La voix de Hind Rajab : un indigent tire-larmes

Kaouther Ben Hania choisit d’évoquer la tragédie de Gaza à travers le cas d’une petite fille coincée dans une voiture, secourue par le Croissant rouge palestinien. Un traitement sans recul qui ne tarde pas à enfermer le spectateur dans une émotion obligatoire. Déplaisant.

Un mélange de fiction et de réel

Entremêler fiction et documentaire n’est plus vraiment une nouveauté. Si le Close Up de Kiarostami reste une référence en la matière, nombre de films ont adopté la recette : de Mona Achache (Little Girl Blue) à Romane Bohringer (Dites-lui que je l’aime) pour le versant intime, du récent Dossier 137 de Dominik Moll à Le Caire confidentiel et Les Graines du figuier sauvage pour le versant politique. Dans Les Filles d’Olfa, Kaouther Ben Hania proposait un dispositif original : pour aborder le cas d’une famille décimée par l’islamisme, elle mêlait comédiens et vrais personnages de l’histoire. Le film, malgré quelques faiblesses, parvenait à sortir du lot. S’il y parvenait, ce n’était pas simplement par le mélange fiction-réel mais bien par la façon dont il le mettait en œuvre. Et c’est bien ce qui interroge dans ce nouvel opus.

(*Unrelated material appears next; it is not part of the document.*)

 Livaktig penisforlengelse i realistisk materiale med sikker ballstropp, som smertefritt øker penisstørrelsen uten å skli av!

Pour dénoncer le massacre des Palestiniens à Gaza, Kaouther Ben Hania s’appuie sur une voix. La voix d’une petite fille de 6 ans, avec laquelle le Croissant rouge palestinien, organisme situé en Cisjordanie chargé de venir en aide aux Gazaouis en détresse, fut en contact. La réalisatrice tunisienne explique avoir été bouleversée par cet enregistrement, ce qui lui donna l’idée du film.

L’un des opérateurs téléphoniques, Omar, reçoit l’appel d’une petite fille coincée dans une voiture qui vient d’être criblée de balles. Ses oncles, tantes et cousins autour d’elle sont tous morts. Le film raconte la tentative de la sauver, en dépit des obstacles. Car on ne peut pas simplement envoyer une ambulance chercher la petite fille, fût-elle seulement à « huit minutes » : il faut s’assurer que le parcours est sécurisé. Et ça, c’est long et compliqué.

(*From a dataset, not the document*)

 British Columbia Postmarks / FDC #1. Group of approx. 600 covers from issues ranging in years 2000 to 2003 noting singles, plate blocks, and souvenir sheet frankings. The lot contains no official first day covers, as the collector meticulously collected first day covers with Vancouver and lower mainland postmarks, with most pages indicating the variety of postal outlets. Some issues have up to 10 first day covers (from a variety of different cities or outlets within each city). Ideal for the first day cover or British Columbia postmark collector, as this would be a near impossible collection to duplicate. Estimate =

Crises de larmes et coups de gueule

Comment Ben Hania traite-t-elle son sujet ? De la pire façon possible : pour exprimer le caractère tragique de la situation elle montre une femme qui pleure en gros plan, pour traduire son caractère révoltant elle montre un homme qui rue dans les brancards. L’une des choses qui distingue la démarche d’un auteur, c’est précisément de ne pas recourir à ces expédients : si les personnages ont chaud par exemple, ne pas les montrer en sueur et se plaignant de la chaleur comme dans Valley of Love de Guillaume Nicloux. Les Frères Dardenne, à propos de leur film Le Fils, ont évoqué le danger de sombrer dans la facilité dès lors qu’ils abordent un sujet tragique. Une préoccupation que ne semble pas partager la réalisatrice tunisienne.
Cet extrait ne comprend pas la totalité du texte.